The model developed by Karr et al.,3 overcomes this limitation by employing a novel modular design which divides cellular function into modules, each representing a single biological process (e.g., transcriptomics, proteomics, metabolomics, etc.). In all, 28 modules were chosen and sub-models of each were independently built, parameterized and tested. This approach allows the flexibility to model each independent module using the most appropriate algorithm (e.g., flux-balance analysis is used to model metabolism,7 while protein and RNA degradation are modeled as Poisson processes). The overall process is built on the premise that the sub-models exist independently in timescales of < 1 sec. Simulations are run through a loop in which sub-models interact and exchange variables (specifying the internal state of the cell) at 1 sec intervals. In other words, each sub-model runs independently at each time step, but is dependent on variable values determined by sub-models at the previous step.

The overall model is based on over 900 peer reviewed publications and includes more than 1,900 experimentally observed parameters. Model training and parameter reconciliation was achieved by recreating 128 different M. genitalium culture simulations—each predicting both molecular and cellular properties of the in silico cell—recapitulating the key features of the training data. Model validation was achieved using data sets not used in the construction of the model and which encompass multiple biological functions (from transcriptomics to metabolomics) and scales (from single cells to microbial populations).

Despite the authors’ own assertion that the model is a “first draft”; it has nonetheless revealed a number of important, and hitherto unknown, insights into the M. genitalium lifecycle. Of particular note is an entirely new hypothesis which identifies metabolism as an emergent controller of cell-cycle duration, independent of genetic regulation. During the simulations, the authors noticed that although there are high variances in both the time required to initiate DNA replication and the time required to copy the genome post-initiation, there is low variance in the length of the cell cycle.
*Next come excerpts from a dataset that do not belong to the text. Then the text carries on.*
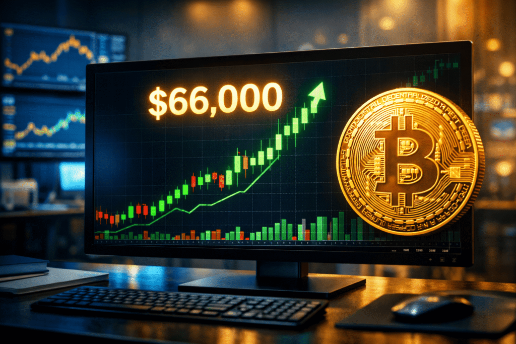 Bitcoin stijgt boven $66.000 vóór Trump-toespraak en zakt daarna terug
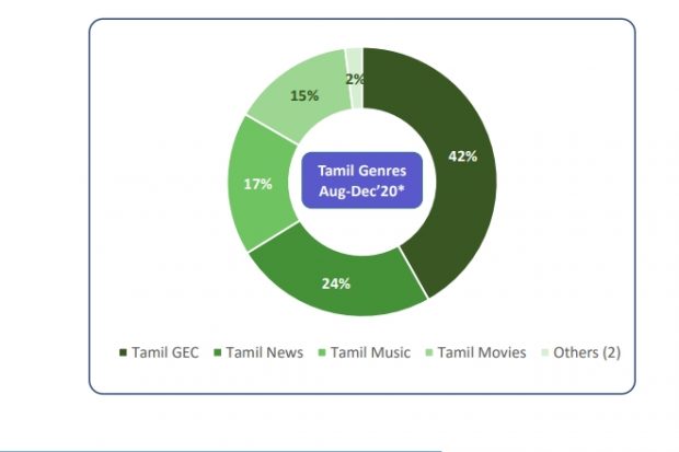Tamil channels registered a 12% rise in average ad volumes per day during Aug-Dec’20 when compared to Aug-Dec’19, with the month of December registering the highest rise. Out of this, Tamil GEC genre topped the advertising charts with 42% share of the pie, followed by Tamil news with 24% share. However, during Aug-Dec’20, Tamil News genre saw highest growth of 31% in ad volumes followed by Tamil Movies with 25% rise compared to Aug-Dec’19. On the back of the viewership growth, number of advertisers and brands also rose by 5% and 4% respectively during Aug-Dec’20* compared to Aug-Dec’19*.
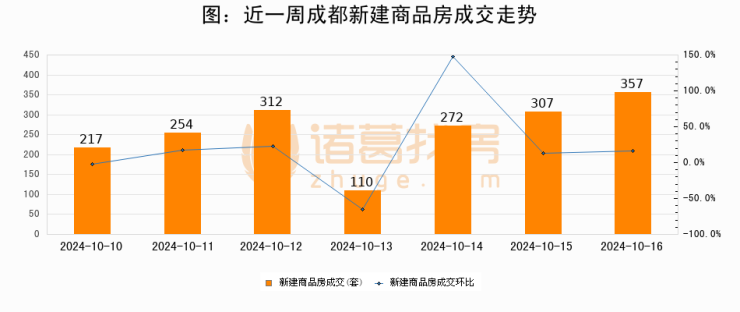 【成都成交日报】10月16日新房成交357套、二手房1000套;涨价房源155套

Before a cell can divide, it must make a complete copy of its entire DNA. Copying initiates when the proteins which constitute the replication machinery bind to the origin of replication. However, this process occurs by random diffusion; so that in some instances the proteins will attach quickly and copying will begin while the cell is young, while in other occasions the proteins will attach when the cell is relatively old. The high variance in copying time once the proteins have already bound, however, depends on the age of the cell. If the cell is young, copying periodically stalls because the cell has not had enough time to stockpile the dNTPs required to build DNA. However, if the cell is old, it already has a sufficient stockpile of dNTPs to allow copying to proceed relatively quickly. Therefore, cells that are fast initiators are slow copiers, while those that are slow initiators are fast copiers. The model thus predicts that genomic replication is rate limited by dNTP synthesis, and that cells in which the early stages of the cell cycle are prolonged are able to catch up with those that initiate replication earlier due to the accumulation of a larger dNTP pool at the onset of replication, thus reducing the variance of overall cell-cycle duration within a population—i.e., all M. genitalium cells take approximately the same amount of time to divide.
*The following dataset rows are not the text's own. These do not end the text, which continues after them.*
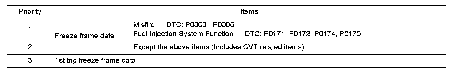 Only one set of freeze frame data (either 1st trip freeze frame data or freeze frame data) can be stored in the ECM. 1st trip freeze frame data is stored in the ECM memory along with the 1st trip DTC. There is no priority for 1st trip freeze frame data, and it is updated each time a different 1st trip DTC is detected. However, once freeze frame data (2nd trip detection/MIL on) is stored in the ECM memory, 1st trip freeze frame data is no longer stored. Remember, only one set of freeze frame data can be stored in the ECM. The ECM has the following priorities to update the data.
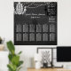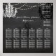 PixDezines caprichosa pizarra acentuada con candelabros negros y blancos con hilos de luces. Todo ajustable. Gráfico de asientos de boda de Alpha... utilizando material de cartel.
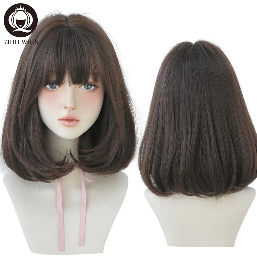 7JHH Pink Linen Short Straight Hair Lolita Wig With Bangs Synthetic Wigs For Women Christmas Cospla
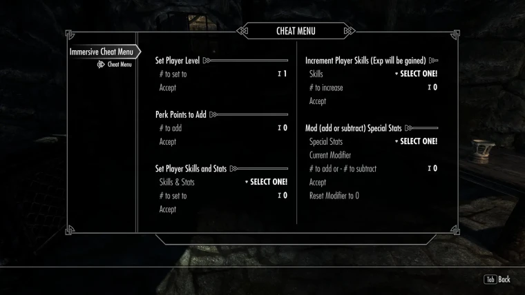 Этот мод позволяет редактировать характеристики и навыки игрока, увеличивать навыки, добавлять очки перков, устанавливать уровни персонажа, а также изменять значения актёра, которые не сохраняются после сохранения игры.
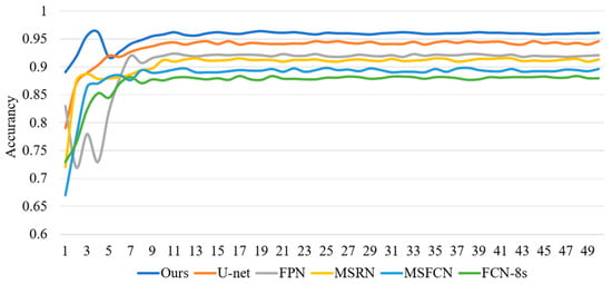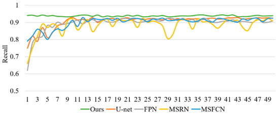 Figure 12 shows how the image segmentation accuracy of each model changes as the number of training rounds increases. A total of 800 training epochs were completed, and 50 epochs (randomly select 1 epoch out of every 16 epochs) were randomly selected for the comparative analysis of the segmentation accuracy values of different models. From the line graph, it is observed that after training nearly 160 epochs, the training effect of each segmentation model reaches a more stable state, in which the segmentation accuracy value of NFSR-U-Net is close to 96%, higher than that of FPN, MSRN, and other models, and its accuracy value is very stable. The accuracy ranking of each segmentation model is: NFSR-U-Net (ours) > U-Net > FPN > MSRN > MSFCN > FCN-8s > PSPNet.

The model further predicts that that the chromosome is explored very rapidly, with 50% of the chromosome being bound by at least one protein within the first 6 min of the cell cycle (and 90% in the first 20 min). On average this results in the expression of 90% of the genes within the first 143 min. The model also predicts protein-protein collisions on the chromosome, with over 30,000 collisions occurring on average per cell cycle (displacing 0.93 proteins per second). Collision frequency corresponds with DNA-bound protein density across the genome with the majority of collisions being caused by RNA polymerase (84%) and DNA polymerase (8%), most commonly resulting from the displacement of structural maintenance of chromosome (SMC) proteins (70%) or single-stranded binding proteins (6%).

Finally, in an elegant exhibition of the utility of the in silico modeling approach, the authors performed multiple simulations of each of the 525 possible single-gene disruption strains (over 3,000 simulations in total). This is, in essence, the equivalent of creating a bank of 525 knockout mutants of M. genitalium in the wet lab and testing the physiological response of each to a number of different culture conditions. The model predicts 284 essential and 117 non-essential genes—a prediction of gene essentiality which is 79% accurate when compared with previous wet lab investigations into the minimum genome.8 Furthermore, the model predicts 4 distinct classes of lethal gene mutation: the most debilitating disruptions involve metabolic genes and result in an inability to produce the major cell mass components; a condition which is incompatible with cell growth and division. The next most debilitating disruptions involve specific cell mass components such as RNA or protein—in this case the model predicts a near normal growth followed by a decline due to diminishing protein content. This decline in some cases may take more than one generation to manifest. The third class impairs cell-cycle processes—in this case the model predicts normal growth rates and metabolism, but also projects an inability to complete the cell cycle. The fourth and final class includes strains that grow so slowly, when compared with the wild type, that they are considered physiologically nonviable.

In their accompanying editorial in Cell, Freddolino and Tavazoie9 acknowledge the sheer audacity of the multiscale modeling approach taken by Karr et al.,3 and predict two distinct paths along which these models may ultimately lead us. The first, which they call the “physicist’s perspective” predicts that in silico modeling will lead to the discovery of new organizing principles that will ultimately help to frame (or in some cases refocus) our intellectual understanding of biological systems—exemplified by the current model’s prediction of metabolism as an emergent Cell-cycle regulator. The second, the “engineers perspective” involves the evolution of computational models to the extent that they may ultimately supplant wet lab experimentation—such as the in silico minimal genome experiment in the current study.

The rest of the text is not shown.